GAO: Networx strategy still risky

The General Services Administration has made progress in addressing concerns over the $10 billion FTS Networx telecommunications contract, but steps still need to be taken for managing the transition from the old contract to the new one, an official with the Government Accountability Office said today.

In addition to improving transition management, GSA also must be able to measure the program's performance and resolve concerns about the usability of billing data, said Linda Koontz, GAO's director of information management issues.

Networx is a huge 10-year contract for governmentwide telecommunications and data services. It replaces FTS2001, which expires in 2006. A draft request for proposals is expected in November with an award to several contracts in April 2006.

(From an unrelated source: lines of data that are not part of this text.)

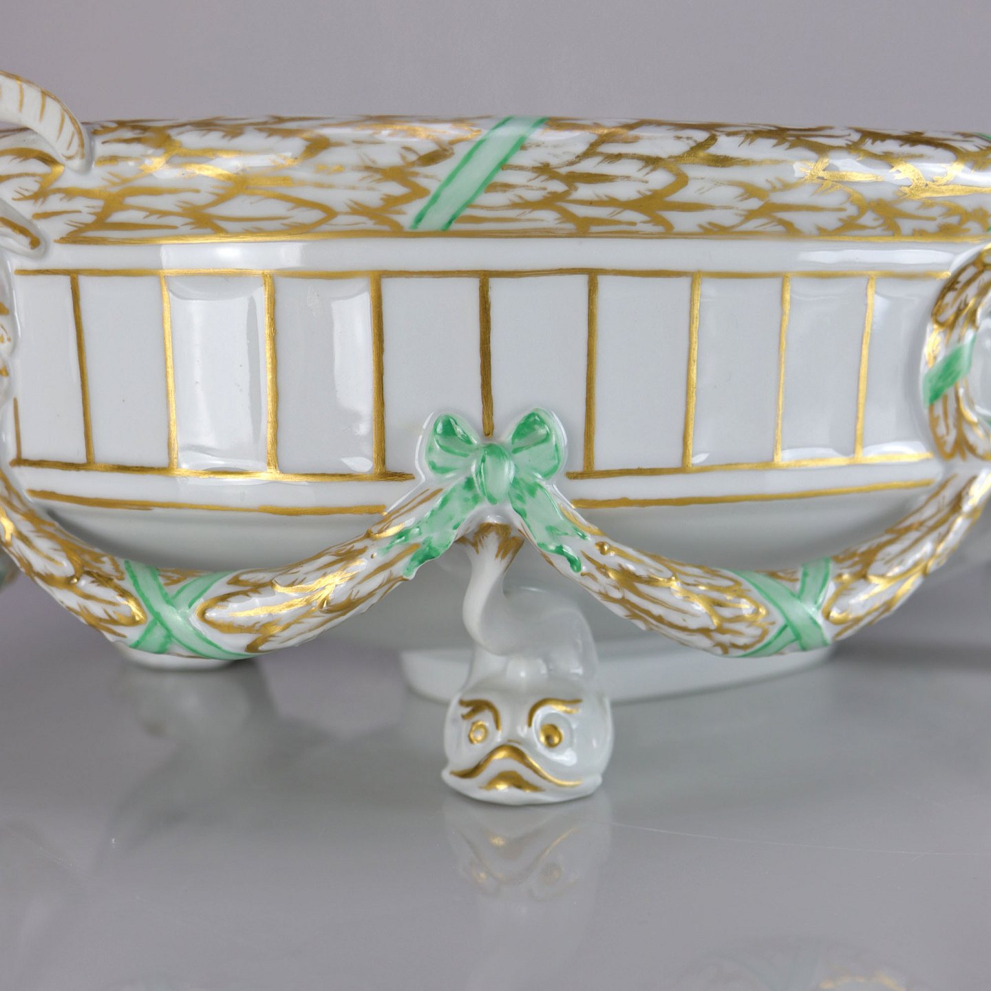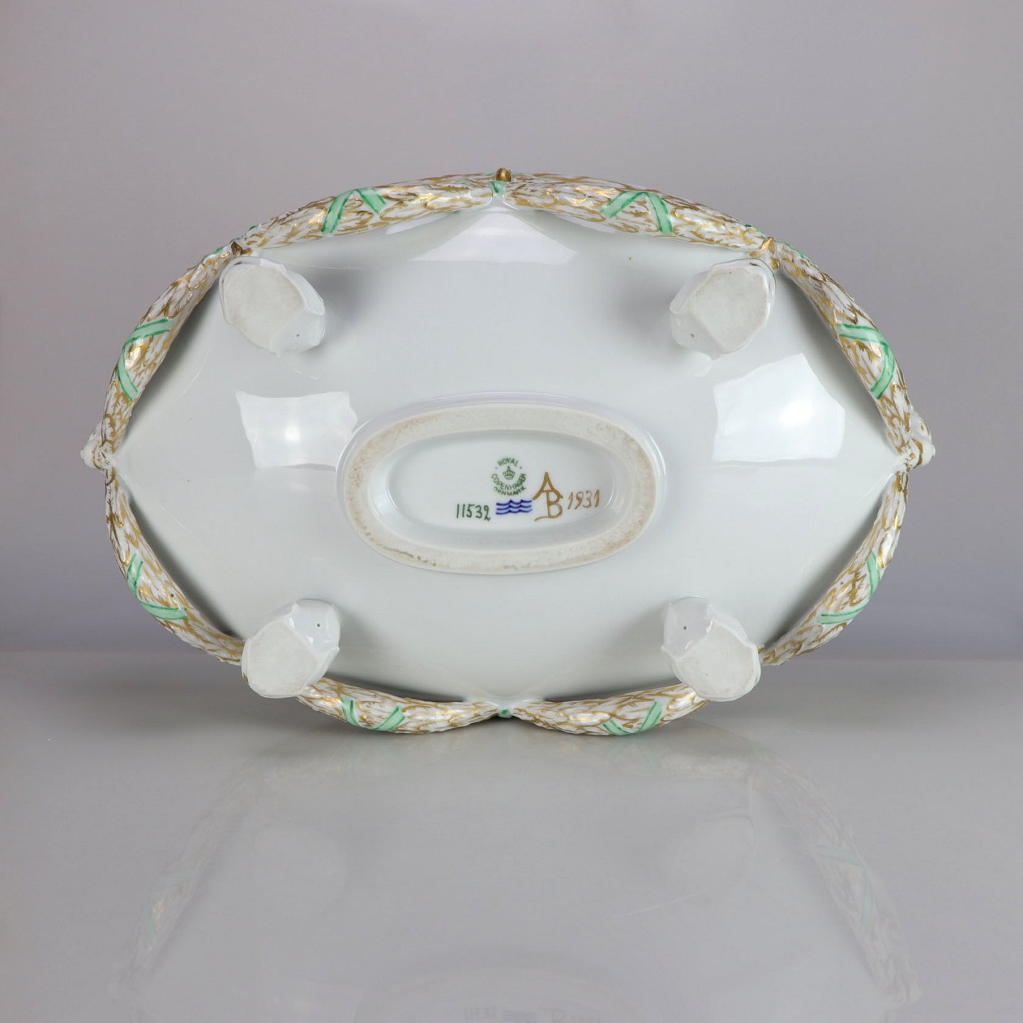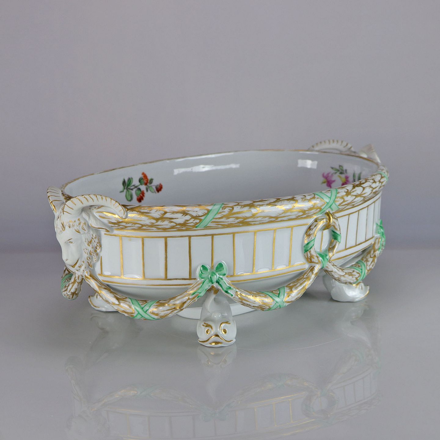 Centerpiece fra Royal Copenhagen. Håndmalet guldkant og vædder hoveder.
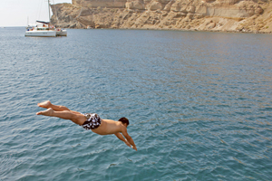 Sailing around the Agean Sea and the caldera on a yacht — it goes without saying — remains to be the highlight of any visit to Santorini. Short of hiring your own boat and captain, you can pick any of many caldera cruise tour packages available April through November. Make sure to book one that caters to only a handful of passengers, and includes a full lunch (seafood, I'd guess) in the saloon area below deck, and an open bar elsewhere, if you insist. Most yacht cruises circle the bay to show the remarkable sections of the bay and caldera, allow interested passengers to visit the volcanic island and linger for a bit in its hot springs, and encourage everyone else to soak up the sun and dive into the deep, blue Aegean Sea.
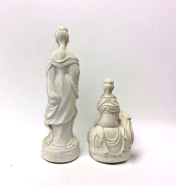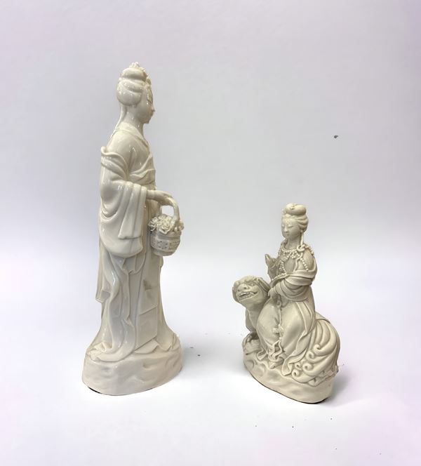 Coppia di sculture orientali in porcellana; Guanyn su Cane di Fo e Guanyn, Prima metà XX secolo
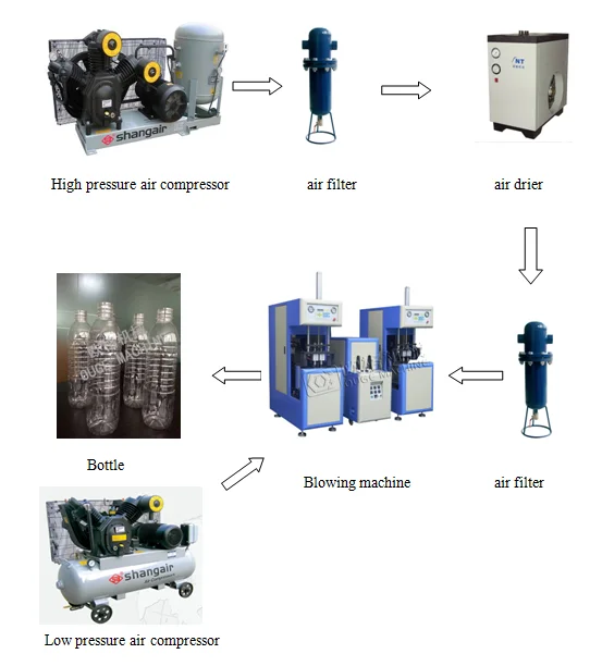 6.\tAir circuit system consists of movement and blowing so as to meet the needs of different air pressure, also to provide stable high pressure for blowing different shapes of big capacity bottles.
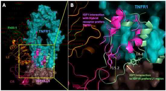 Structural insights into IGF-1 binding orientation within the IGF1R–TNFR1 hybrid receptor complex: (A) Overlay of IGF-1 (green ribbon) on L1 region (wheat tint) of IGF1R and IGF-1 (magenta ribbon) on CRD4 regions, loops A and B (cyan) of TNFR1. The region outlined with yellow line in panel (A) was detailed in panel (B). (B) Zoom view of showing overlay of IGF-1s, indicating spatial orientation of the IGF-1 on TNFR1 (cyan space) to that of IGF-1 (green ribbon) on IGF1R-L1 (wheat tint space). Figure was generated in PyMol 2.6.0 (Schrödinger) software.
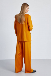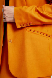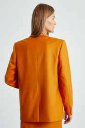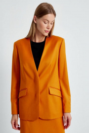 Жакет женский прямого кроя, длиной до линии бедра, на подкладке, с комфортной посадкой не сковывающей движения. Жакет выполнен из костюмной ткани, приятной на ощупь, в ярком осеннем цвете «хурма». Подкладка выполнена из шелковистой вискозной ткани, по контуру подкладки вставлен контрастный кант синего цвета, что подчеркивает качество пошива и придает жакету особую изысканность. Карманы функциональные с клапанами. Рукава прямые, двухшовные, длинные, заканчиваются шлицей с имитацией застежки на роговые пуговицы. Жакет двубортный без воротника, с однобортной потайной застежкой. Жакет будет одинаково красиво смотреться с брюками арт.4474, юбкой 4499, что создаст идеальный комплект. Длина рукава 64см., длина спинки 72см.
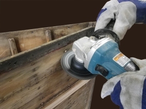 Getting rid of the heads and punching them through to the inside works best. I use an angle grinder set up with a 24-grit sanding disk to grind off the heads of the copper nails. Care must be taken to ensure that only the board to be removed is touched by the grinder.
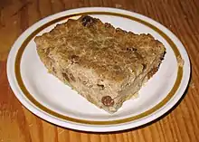 The Old English word for bread was hlaf (hlaifs in Gothic: modern English loaf), which appears to be the oldest Teutonic name.[58] Old High German hleib[59] and modern German Laib derive from this Proto-Germanic word, which was borrowed into some Slavic (Czech: chléb, Polish: bochen chleba, Russian: khleb) and Finnic (Finnish: leipä, Estonian: leib) languages as well. The Middle and Modern English word bread appears in Germanic languages, such as West Frisian: brea, Dutch: brood, German: Brot, Swedish: bröd, and Norwegian and Danish: brød; it may be related to brew or perhaps to break, originally meaning "broken piece", "morsel".[60]
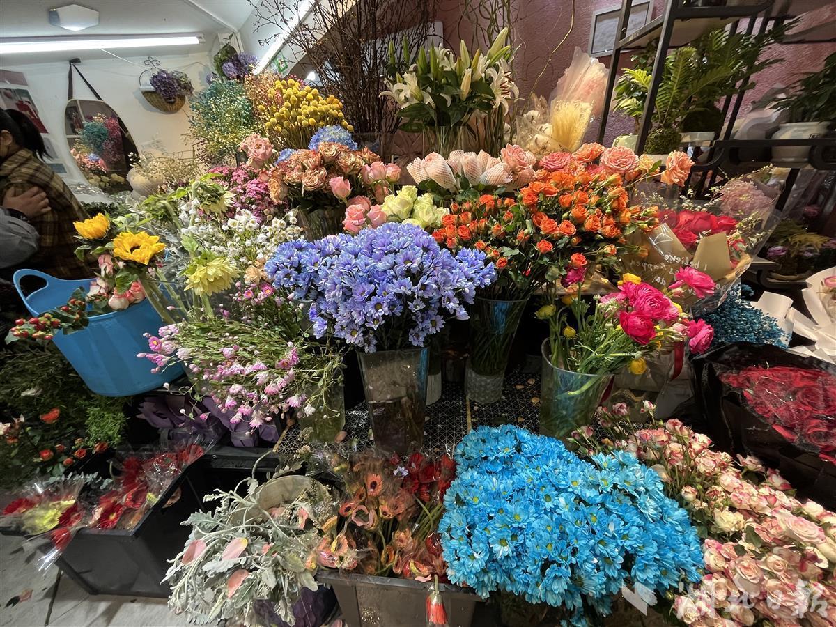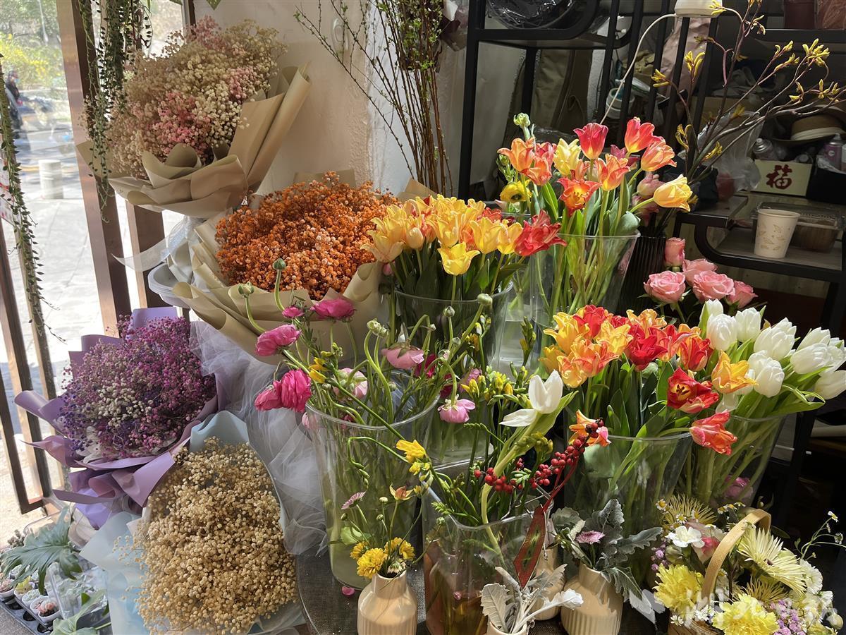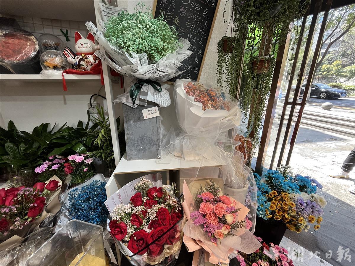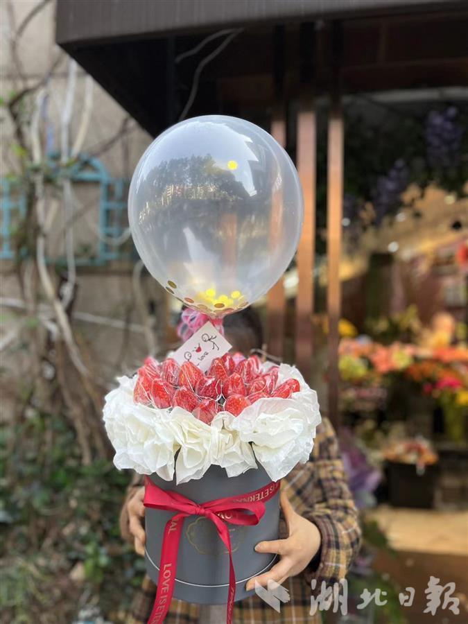 3月8日上午11时,街道口久喜花坊内,玫瑰、郁金香、满天星等各类鲜花色彩缤纷,店员片刻不停地“赶制”花束订单,包装好的花束、花篮整齐摆放。除色彩明丽的鲜花,水果、零食花束等创意花束在武汉悄然走红。“刚刚送出一捧草莓花束。”何雾告诉记者,这几天不断有年轻人订制水果花束,草莓、橙子、甚至西瓜等水果都可以包装成花束的造型,价格从一百多到几百不等。

In February, GAO told the House Government Reform that GSA would face challenges with the procurement's structure and scheduling, transition planning, service inventories and performance measures.

In April, Rep. Tom Davis (R-Va.), chairman of the committee, asked GAO to assess GSA's progress in addressing the challenges it had identified.

GSA revised its acquisition strategy and presented it in August. In today's hearing, GAO said GSA has addressed several of the challenges facing Networx, but must make additional efforts to fully tackle them.

'Until GSA develops and applies strategies for addressing the outstanding challenges facing Networx, it risks not being able to deliver all of the operations and cost improvement outlined in the program's goals,' Koontz said in her testimony.

When asked by Davis how GSA would assure a complete transition from FTS2001 to Networx before the new award is issued, Sandra Bates, commissioner of GSA's Federal Technology Service, said government agencies have started working on their service-level inventories and timelines for their transitions. She also said GSA has agreements in place with several carriers to ensure service during the transition from the old contract to the new one.

In response to another Davis question, Koontz said that other federal departments planning their own telecom-related contracts would undermine Networx.

The Treasury Department, for instance, is involved in a few big telecom-related acquisitions such as the 10-year Treasury Communications Enterprise contract for a single, departmentwide network including technology, support and management for Treasury's 850 locations. The Treasury Department is also involved in the Integrated Wireless Network contract for wireless networks service and support, in conjunction with the Homeland Security and Justice departments.

'Our position is that anything outside FTS2001 and Networx that's not mandatory' will undermine the telecom services contract, Koontz said. 'Only in cases where those contracts are deemed necessary should they be awarded.'

At the beginning of the hearing, Davis said he was disappointed that Treasury Department officials did not accept his request to participate in the hearing.